= Beginning of Section =

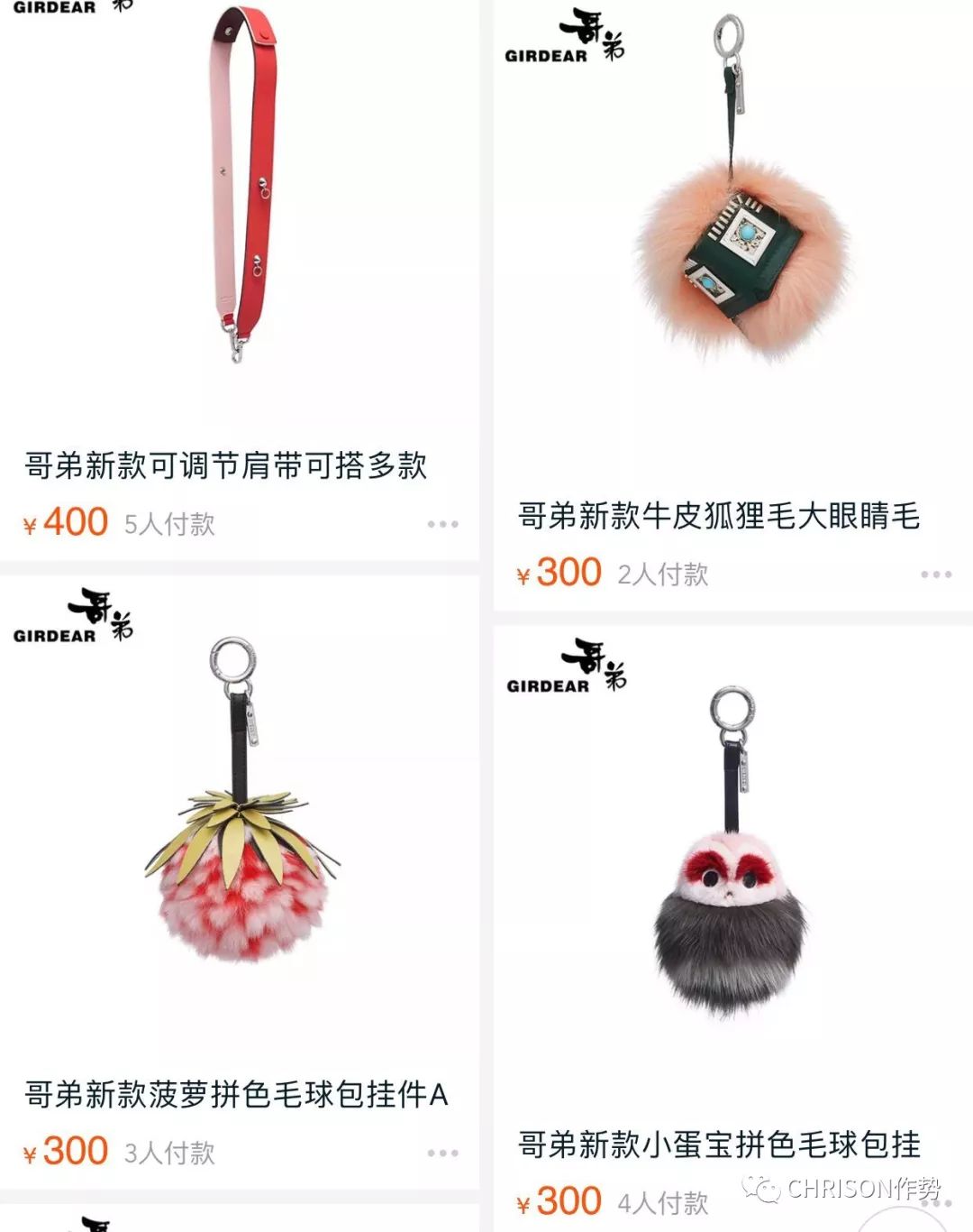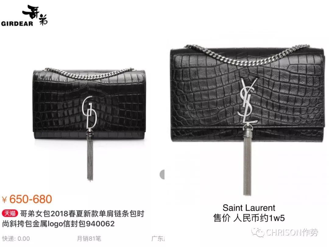 哥弟内部应该流传着一个“欧洲代购热销Top 10”榜单,哪个包代得火,就指着它抄!这个照搬了Saint Laurent的流苏信封包,大胆地把YSL的字样改成了“GD”,不知道的还以为是和权志龙出了联名呢。
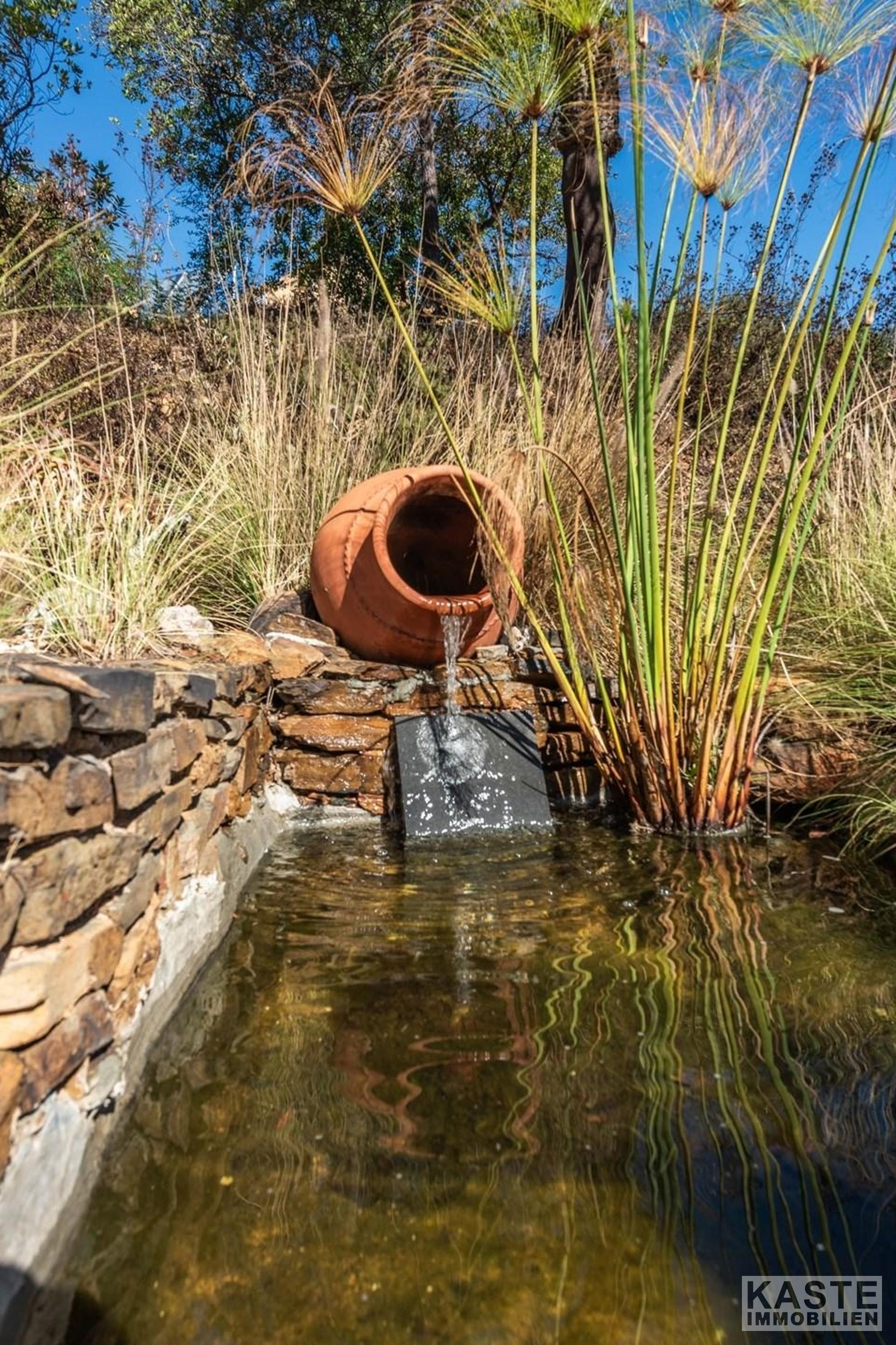 Außenbereich & Grundstück - 17 Hektar Grundstück mit alten Gärten, Obst- und Olivenhainen - Privater beheizter 55 m² Swimmingpool - Tennisplatz - Zwei eigene Seen - Große Terrasse mit Garten- und Terrassenmöbeln - Sommerküche mit Grill - Bewässerungssystem - Garage
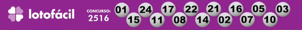 Nesta segunda-feira (9), a Caixa sorteou o concurso 2516 pela loteria da Lotofácil, que até o momento do sorteio estava avaliada em R$1.500.000. E mais uma vez, este e outros sorteios da noite aconteceram com transmissão ao vivo direto do Espaço da Sorte, em São Paulo. Confira abaixo:
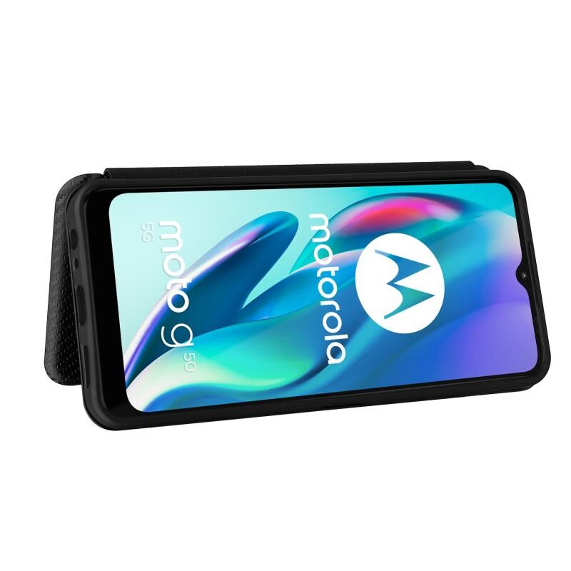 Για Motorola Moto G50 5G Carbon Fiber Texture Horizontal Flip TPU + PC + PU Leather Case με υποδοχή κάρτας (Μαύρο)
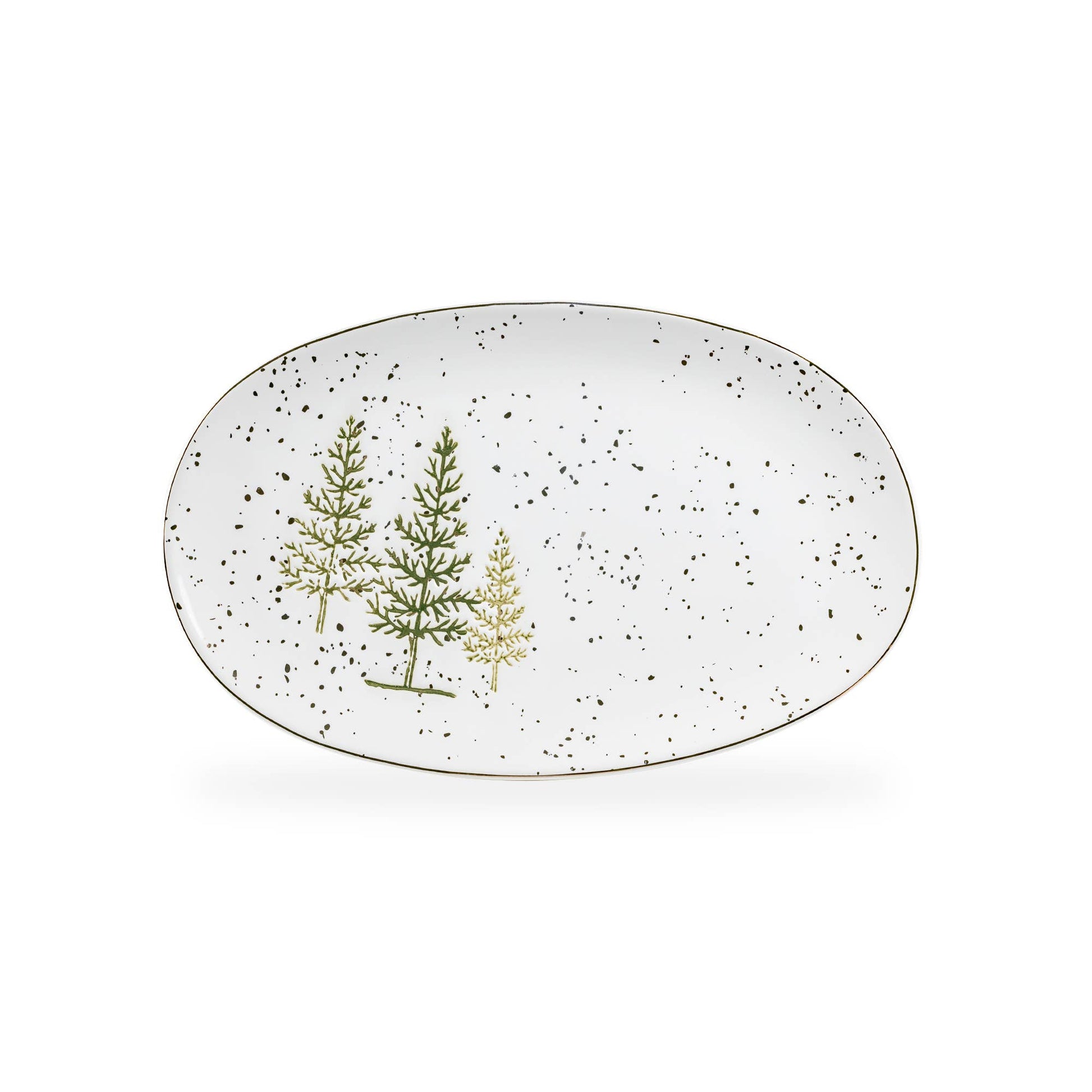 The Winter Pine Trees 12” Oval Platter features elegantly engraved pine trees, accented by shimmering gold specks that add a touch of sophistication. The neutral color palette complements various seasonal settings, while the sturdy oval shape provides ample space for serving an array of dishes, from appetizers to desserts. Specifications: Platter Dimension: 12” Length x 7.7” Width. Material: Stoneware. Care Advice: Dishwasher Safe. Hand wash recommended. Not microwave safe due to gold detailing. Grace Teaware Winter Pine Trees 12" Oval Platter.

= End of Section =

**PROBLEM DETAILS**
From the first line of the entries above down to the line holding "Για Motorola Moto", quote each line exactly and nothing else, skipping pictures.

**TASK RESPONSE**
 哥弟内部应该流传着一个“欧洲代购热销Top 10”榜单,哪个包代得火,就指着它抄!这个照搬了Saint Laurent的流苏信封包,大胆地把YSL的字样改成了“GD”,不知道的还以为是和权志龙出了联名呢。
 Außenbereich & Grundstück - 17 Hektar Grundstück mit alten Gärten, Obst- und Olivenhainen - Privater beheizter 55 m² Swimmingpool - Tennisplatz - Zwei eigene Seen - Große Terrasse mit Garten- und Terrassenmöbeln - Sommerküche mit Grill - Bewässerungssystem - Garage
 Nesta segunda-feira (9), a Caixa sorteou o concurso 2516 pela loteria da Lotofácil, que até o momento do sorteio estava avaliada em R$1.500.000. E mais uma vez, este e outros sorteios da noite aconteceram com transmissão ao vivo direto do Espaço da Sorte, em São Paulo. Confira abaixo:
 Για Motorola Moto G50 5G Carbon Fiber Texture Horizontal Flip TPU + PC + PU Leather Case με υποδοχή κάρτας (Μαύρο)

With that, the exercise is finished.